The underground subculture of German electronic music is argued to be where the first social reunification took place. Dance entrepreneurs in Schöneberg and Kreuzberg organised House parties, with DJ WestBam and Dr. Motte putting on acid house in the club UFO and co-founding the electronic festival, Love Parade, in 1989. Following the fall of the Berlin Wall and the ensuing transitory period of legal uncertainty, growth in the network of illegal techno parties in the East exploded. From unused factories, derelict bunkers, empty sections adjacent to the Wall's remains, youth fused with techno music to form what is argued the first form of social reunification in Germany. These basement places, like Tekknozid and UFO, developed into legendary clubs, including Tresor and E-Werk. Without a curfew, Berlin's clubs and bars did not close.
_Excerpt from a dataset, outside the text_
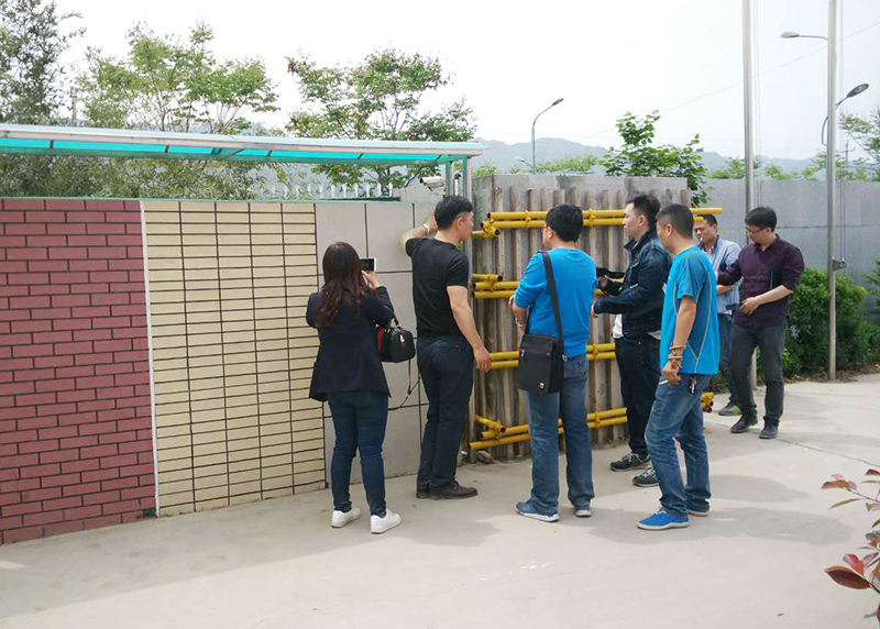 一、公司領(lǐng)導(dǎo)帶領(lǐng)客戶對廠區(qū)的樣板墻進行一一介紹: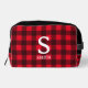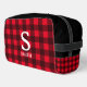 Red buffalo plaid lumberjack pattern personalized toiletry bag gift. Add your own custom name and monogram. Unique Birthday gift idea for men. husband, father etc.

Queer culture thrived at venues like Metropol and tourists from Europe and internationally flew in, known as 'Easy Jet ravers', to participate in Berlin's explosive rave culture of techno, drugs, fashion and excess.
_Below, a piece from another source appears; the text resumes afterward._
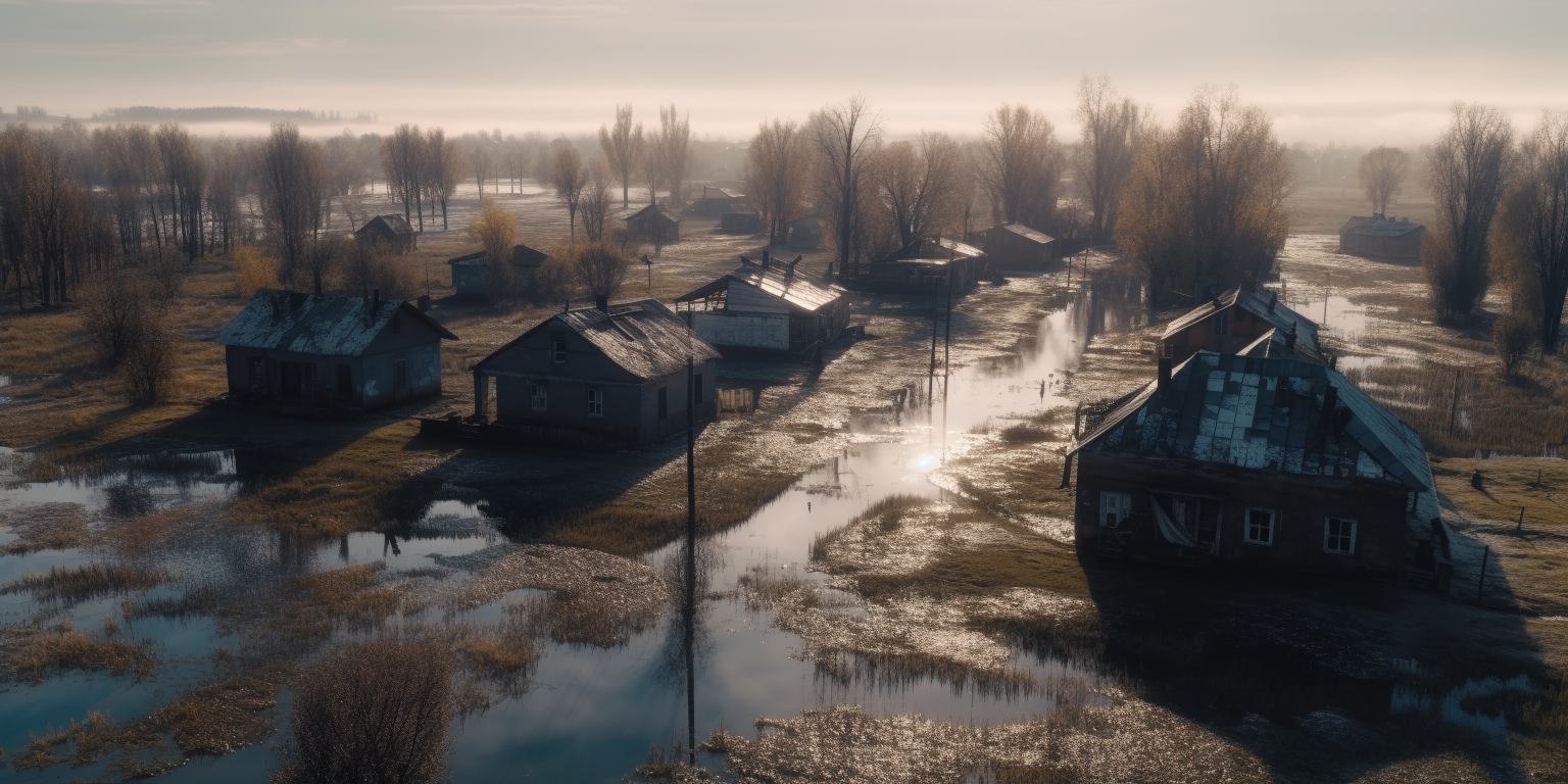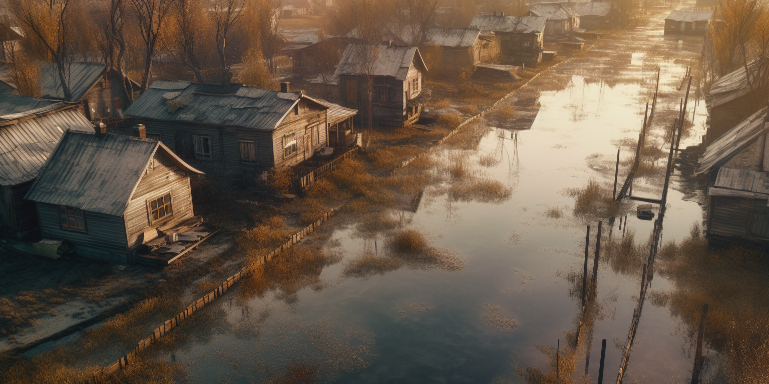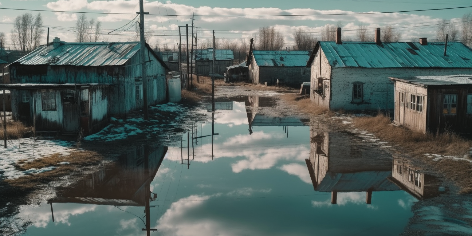 54 ghostwind Midjourney Серия SovietCore Весна 2 года назад [моё] Midjourney Арты нейросетей Нейронные сети Весна Паводок Деревня 1 Ещё 0

Furthermore, German electronic music contributed into the 21st century's globalised trend of electronic dance music and fusion into modern pop. In the 1990s, increasing commercialisation and the unifying tendencies of globalisation and local islands of cultural creativity, of which Berlin was key, helped form the explosive popularity of modern popular electronic music. German electronic music contributed to a global transition of electronic music from underground art to an international phenomenon, with festivals such as Love Parade, Winterworld and MayDay gaining prominence alongside raves and clubs.
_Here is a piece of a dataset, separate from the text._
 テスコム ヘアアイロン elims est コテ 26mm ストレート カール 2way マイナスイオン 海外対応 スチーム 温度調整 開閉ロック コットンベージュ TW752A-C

== German electronic artists ==
Funker Vogt is a German electronic-industrial musical group founded in 1995 with an aggressive style. Their debut album was Thanks for Nothing (1996).

Wumpscut is a German Dark electro-industrial group. Formed by Rudy Ratzinger in 1991, they debuted with their album Defcon and remained active until 2017.

Project Pitchfork was a Hamburg-based German Dark Wave electronic artist, inspired by New Wave artists, pop-oriented groups like SPK, and the New Wave movement of arts including Jean Michael Jean and Vangelis. They debuted with their album K.N.K.A in 1990.

Wolfsheim was a German synthpop and darkwave band formed in 1987 in Hamburg, consisting of Heppner and Reinhardt, who split up in 2009 for personal reasons. Their first album, Ken Manage, was released in 1988.

Kraftwerk was a highly influential electronic pop quartet who formed the foundations for synthesiser music in the 70s and 80s. Achieving international commercial fame and success, their songs, "Autobahn" and "The Model", retains a niche cultural following even today.

== Festivals and events ==
Love Parade was central to international electronic music throughout the 1990s and 2000s. First organised in 1989, it involved vans playing techno music for 300 fans. However, after achieving corporate sponsorship and MTV Europe coverage, by 1997 it had 750,000 to 1,500,000 attendees. Love Parade came to an end in 2010 following a stampede that killed 21 and injured more than 500 people.

Winterworld is an electronic music festival held in Karlsruhe, Germany. Into its 17th year, Winterworld plays techno, house, drum and base, and EDM, featuring famous electronic artists such as Chris Liebing, Pendulum and Charlotte de Witte.

Mayday is an electronic music festival in Germany.